Les Shemsou se reposaient sous un bosquet d'acacias en plein désert. Dans ce moment suspendu, les défis ne les concernaient plus. Les étoiles continuaient à sortir de la bouche de Nout. La guerre était suspendue, le roi dormait au centre de la forteresse, protégé par quatre guerriers d'élite. Ils avaient raison de se détendre car le lendemain beaucoup affronteraient les sévères escarpements qui bordent la façade ouest de la Douat. Ils ne reviendraient plus mais ne le savaient pas encore. Ce passage dans l'autre monde s'accomplit dans la douceur, avec la complexité du silence et du vide.



Les Shemsou apprennent à repérer le moment où les mondes vont se heurter alors que tout est encore immobile. Le guerrier horien n'est pas un chasseur mais un guetteur attentif à tous les horizons.

Il faut trouver le mot autour duquel s'articule une phrase. Dans la langue hiéroglyphique, les signes sont mouvants, chacun d'entre eux ouvre de nombreuses pistes. Ils ne limitent pas la pensée mais lui donnent des ailes et nous incitent à ne pas rester inconsolables.


Ankhhapy avait fini par se demander s'il était réellement allé en Abydos, s'il avait participé à autant de batailles, si les ennemis de Kemet avaient eu le privilège d'être inhumés dans la nécropole de Ro Setaou. Il aurait préféré qu'ils soient livrés aux becs des oiseaux. Il aurait aimé passer se vie dans l'Ile souterraine du dieu décapité. Etait-il possible de mourir avant de naître ? Etait-il souhaitable de connaître tous les codes et de les intégrer ?


Des scribes shemsou ont rédigé le Livre de ce qu'il y a dans la Douat, l'Imy Douat. Ce n'est pas une fiction mais une remémoration des impressions ressenties lors des rites initiatiques. Rien n'est reconnaissable mais rien n'est tout à fait différent. C'est une relation amoureuse avec la discontinuité du Mystère qui nous habite.

Objectif des mystagogies : investir sans faille ce qui est plus noir que le Noir, là où sont enlacées la Vie et la Mort.


Pas d'action sans une réflexion préalable.
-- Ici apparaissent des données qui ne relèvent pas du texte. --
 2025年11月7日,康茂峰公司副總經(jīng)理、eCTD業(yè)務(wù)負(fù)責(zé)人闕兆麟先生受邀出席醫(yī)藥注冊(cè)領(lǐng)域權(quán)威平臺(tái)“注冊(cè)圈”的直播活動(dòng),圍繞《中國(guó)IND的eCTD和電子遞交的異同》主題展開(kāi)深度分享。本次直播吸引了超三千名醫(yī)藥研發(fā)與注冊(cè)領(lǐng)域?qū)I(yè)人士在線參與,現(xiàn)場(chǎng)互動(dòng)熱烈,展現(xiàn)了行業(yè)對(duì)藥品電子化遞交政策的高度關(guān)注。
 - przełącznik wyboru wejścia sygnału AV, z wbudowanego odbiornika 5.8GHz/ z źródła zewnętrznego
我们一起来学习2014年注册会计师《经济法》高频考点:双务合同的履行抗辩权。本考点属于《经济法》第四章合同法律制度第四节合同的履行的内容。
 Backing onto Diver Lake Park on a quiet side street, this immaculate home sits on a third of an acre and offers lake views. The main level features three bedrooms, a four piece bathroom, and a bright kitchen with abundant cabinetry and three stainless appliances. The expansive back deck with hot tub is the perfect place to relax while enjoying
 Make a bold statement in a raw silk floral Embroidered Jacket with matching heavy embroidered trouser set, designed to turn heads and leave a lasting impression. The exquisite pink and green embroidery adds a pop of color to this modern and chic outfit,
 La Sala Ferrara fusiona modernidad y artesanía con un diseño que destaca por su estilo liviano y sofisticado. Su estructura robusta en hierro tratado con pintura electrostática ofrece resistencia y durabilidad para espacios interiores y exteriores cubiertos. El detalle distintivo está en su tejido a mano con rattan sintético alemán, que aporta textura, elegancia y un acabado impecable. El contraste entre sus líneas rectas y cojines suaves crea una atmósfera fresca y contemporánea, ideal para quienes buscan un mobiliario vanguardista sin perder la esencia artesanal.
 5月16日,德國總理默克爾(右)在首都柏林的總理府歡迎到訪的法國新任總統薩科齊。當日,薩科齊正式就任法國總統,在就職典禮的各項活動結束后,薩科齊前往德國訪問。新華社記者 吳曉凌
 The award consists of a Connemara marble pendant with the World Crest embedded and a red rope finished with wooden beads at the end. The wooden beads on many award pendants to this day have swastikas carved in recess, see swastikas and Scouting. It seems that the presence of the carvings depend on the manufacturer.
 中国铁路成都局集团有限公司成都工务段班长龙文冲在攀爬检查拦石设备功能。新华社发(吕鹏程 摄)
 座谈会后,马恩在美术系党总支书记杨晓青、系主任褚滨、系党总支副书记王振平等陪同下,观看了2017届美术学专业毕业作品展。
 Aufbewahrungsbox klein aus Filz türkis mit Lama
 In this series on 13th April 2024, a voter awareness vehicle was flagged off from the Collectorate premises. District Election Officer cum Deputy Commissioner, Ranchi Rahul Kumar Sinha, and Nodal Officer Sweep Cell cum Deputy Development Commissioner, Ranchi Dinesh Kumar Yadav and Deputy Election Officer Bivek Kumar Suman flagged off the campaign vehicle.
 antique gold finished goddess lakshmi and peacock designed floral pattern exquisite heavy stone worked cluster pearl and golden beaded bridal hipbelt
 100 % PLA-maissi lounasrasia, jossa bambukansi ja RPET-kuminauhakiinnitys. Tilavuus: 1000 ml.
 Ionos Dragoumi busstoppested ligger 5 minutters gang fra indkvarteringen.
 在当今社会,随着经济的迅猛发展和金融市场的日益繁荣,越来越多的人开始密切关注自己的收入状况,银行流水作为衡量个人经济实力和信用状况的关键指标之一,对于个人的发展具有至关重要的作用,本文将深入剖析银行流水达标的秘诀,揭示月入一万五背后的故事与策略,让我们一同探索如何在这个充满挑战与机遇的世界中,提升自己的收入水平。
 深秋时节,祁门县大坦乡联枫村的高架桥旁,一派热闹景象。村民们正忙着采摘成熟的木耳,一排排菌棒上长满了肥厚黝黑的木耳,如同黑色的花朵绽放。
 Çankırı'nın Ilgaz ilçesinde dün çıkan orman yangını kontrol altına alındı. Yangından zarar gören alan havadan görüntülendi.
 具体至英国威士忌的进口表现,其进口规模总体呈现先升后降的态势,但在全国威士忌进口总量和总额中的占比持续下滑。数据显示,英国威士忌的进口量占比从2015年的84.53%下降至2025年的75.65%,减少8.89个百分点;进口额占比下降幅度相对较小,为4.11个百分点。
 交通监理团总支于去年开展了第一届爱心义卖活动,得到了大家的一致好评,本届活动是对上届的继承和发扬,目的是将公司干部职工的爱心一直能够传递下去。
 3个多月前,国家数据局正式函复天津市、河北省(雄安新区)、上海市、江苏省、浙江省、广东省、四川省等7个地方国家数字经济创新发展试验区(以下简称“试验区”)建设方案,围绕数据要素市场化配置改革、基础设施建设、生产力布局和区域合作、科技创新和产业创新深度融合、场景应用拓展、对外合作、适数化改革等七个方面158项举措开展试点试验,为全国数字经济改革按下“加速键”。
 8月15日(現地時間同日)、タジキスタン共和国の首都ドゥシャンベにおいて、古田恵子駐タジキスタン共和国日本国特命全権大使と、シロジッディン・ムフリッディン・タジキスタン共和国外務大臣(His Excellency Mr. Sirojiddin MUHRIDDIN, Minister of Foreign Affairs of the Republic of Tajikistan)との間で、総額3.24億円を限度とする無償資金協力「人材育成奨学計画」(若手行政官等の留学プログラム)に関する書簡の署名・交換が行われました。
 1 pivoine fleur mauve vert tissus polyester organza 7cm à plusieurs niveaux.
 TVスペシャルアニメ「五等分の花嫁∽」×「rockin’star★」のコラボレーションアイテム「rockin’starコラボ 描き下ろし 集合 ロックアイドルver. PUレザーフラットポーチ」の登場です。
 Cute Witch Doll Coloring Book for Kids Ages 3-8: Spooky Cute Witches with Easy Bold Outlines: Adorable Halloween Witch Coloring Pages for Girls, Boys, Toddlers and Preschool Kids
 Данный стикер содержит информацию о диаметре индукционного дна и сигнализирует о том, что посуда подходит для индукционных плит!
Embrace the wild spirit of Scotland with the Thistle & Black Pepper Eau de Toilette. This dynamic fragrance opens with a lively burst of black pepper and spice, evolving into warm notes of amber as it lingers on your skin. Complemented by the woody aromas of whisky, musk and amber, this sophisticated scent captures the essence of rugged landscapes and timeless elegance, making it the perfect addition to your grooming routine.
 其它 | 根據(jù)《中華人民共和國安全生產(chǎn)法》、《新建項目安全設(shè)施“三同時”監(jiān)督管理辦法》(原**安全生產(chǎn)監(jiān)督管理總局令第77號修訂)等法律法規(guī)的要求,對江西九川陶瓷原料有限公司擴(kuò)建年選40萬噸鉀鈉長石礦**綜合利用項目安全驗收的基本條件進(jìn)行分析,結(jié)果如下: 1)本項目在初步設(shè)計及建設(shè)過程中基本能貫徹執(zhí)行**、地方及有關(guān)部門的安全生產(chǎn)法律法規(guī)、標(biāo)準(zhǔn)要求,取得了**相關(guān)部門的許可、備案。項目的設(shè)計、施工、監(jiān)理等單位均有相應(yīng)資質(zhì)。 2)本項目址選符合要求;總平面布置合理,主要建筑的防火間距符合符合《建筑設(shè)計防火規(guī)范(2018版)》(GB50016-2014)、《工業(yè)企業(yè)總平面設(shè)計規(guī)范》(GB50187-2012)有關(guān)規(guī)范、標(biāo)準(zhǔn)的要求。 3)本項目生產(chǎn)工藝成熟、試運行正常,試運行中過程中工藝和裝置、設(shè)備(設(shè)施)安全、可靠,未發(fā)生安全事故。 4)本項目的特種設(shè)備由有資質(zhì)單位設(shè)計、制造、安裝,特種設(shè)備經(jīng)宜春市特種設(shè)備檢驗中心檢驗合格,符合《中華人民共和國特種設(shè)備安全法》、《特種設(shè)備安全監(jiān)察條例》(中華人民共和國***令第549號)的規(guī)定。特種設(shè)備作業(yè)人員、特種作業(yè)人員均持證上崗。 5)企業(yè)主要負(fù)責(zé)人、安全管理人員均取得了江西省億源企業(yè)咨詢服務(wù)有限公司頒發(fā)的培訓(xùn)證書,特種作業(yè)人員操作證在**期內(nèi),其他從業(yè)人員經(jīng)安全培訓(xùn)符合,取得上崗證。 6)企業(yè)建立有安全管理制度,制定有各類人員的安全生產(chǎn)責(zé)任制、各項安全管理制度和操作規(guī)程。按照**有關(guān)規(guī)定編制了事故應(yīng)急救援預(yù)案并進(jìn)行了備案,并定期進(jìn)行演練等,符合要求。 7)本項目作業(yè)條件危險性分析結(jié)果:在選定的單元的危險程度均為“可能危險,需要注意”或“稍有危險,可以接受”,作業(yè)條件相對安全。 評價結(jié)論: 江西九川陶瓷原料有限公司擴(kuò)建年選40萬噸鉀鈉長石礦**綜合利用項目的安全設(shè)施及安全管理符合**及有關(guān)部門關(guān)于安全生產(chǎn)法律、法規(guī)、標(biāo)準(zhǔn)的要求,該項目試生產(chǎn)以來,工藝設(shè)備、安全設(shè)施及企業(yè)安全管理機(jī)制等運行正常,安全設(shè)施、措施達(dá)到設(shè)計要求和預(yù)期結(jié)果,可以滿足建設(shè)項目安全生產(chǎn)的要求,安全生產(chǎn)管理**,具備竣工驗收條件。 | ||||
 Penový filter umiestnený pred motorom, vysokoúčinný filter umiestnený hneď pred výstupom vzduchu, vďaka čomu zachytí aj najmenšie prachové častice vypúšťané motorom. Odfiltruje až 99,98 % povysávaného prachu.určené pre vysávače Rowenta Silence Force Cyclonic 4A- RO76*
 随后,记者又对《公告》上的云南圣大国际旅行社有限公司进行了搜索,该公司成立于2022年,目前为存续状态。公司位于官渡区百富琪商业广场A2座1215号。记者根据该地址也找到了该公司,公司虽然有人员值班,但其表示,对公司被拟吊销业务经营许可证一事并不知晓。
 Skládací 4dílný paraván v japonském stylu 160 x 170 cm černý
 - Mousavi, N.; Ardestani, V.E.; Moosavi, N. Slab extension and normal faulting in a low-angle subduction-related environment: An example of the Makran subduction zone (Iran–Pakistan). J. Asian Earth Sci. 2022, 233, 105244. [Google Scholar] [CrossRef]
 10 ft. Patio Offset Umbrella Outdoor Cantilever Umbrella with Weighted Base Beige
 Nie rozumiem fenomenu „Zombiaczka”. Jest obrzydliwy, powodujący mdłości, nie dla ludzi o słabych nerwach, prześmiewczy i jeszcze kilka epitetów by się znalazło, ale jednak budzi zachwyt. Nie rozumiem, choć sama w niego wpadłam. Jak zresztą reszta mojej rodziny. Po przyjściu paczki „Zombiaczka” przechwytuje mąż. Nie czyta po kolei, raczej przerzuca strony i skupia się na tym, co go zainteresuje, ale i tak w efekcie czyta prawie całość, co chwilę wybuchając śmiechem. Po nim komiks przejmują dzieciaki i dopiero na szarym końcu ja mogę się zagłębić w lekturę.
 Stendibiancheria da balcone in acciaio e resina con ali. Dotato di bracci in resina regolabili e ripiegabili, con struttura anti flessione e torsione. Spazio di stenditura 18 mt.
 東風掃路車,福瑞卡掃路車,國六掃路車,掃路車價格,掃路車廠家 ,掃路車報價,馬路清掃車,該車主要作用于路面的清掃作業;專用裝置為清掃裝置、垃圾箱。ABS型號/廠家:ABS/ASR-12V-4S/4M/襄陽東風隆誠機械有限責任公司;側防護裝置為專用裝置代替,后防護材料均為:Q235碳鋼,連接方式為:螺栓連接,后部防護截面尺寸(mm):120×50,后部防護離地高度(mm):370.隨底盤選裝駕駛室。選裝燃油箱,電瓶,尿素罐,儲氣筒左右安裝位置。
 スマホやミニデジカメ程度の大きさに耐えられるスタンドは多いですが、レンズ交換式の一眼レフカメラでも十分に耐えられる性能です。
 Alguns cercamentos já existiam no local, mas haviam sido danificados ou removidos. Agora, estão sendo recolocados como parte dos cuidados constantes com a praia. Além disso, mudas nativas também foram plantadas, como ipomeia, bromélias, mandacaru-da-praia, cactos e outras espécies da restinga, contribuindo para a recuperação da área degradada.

Un Shemsou n'apprend pas à tuer mais à vivre. Il connaît ses points faibles, sait apprivoiser ses douleurs, ses doutes et ses peurs les plus enfouies. La violence implique une ascèse rigoureuse mise au service du divin irrigant l'univers.


Thot est l'initiateur de la sagesse et de la science égyptienne pratiquées par les Serviteurs d'Hor, des êtres spirituellement accomplis possédant une vision consciente de la réalité de l'univers.



La liberté consiste à ne pas être sous l'emprise de ses illusions, des mirages, des apparences et de la violence contagieuse.

Un esprit libre ne craint ni le relatif ni l'absolu, il est à la fois la flèche et la cible.

Si l'on accepte de tuer il faut aussi se résoudre à être tué ce qui est une autre façon de se surpasser.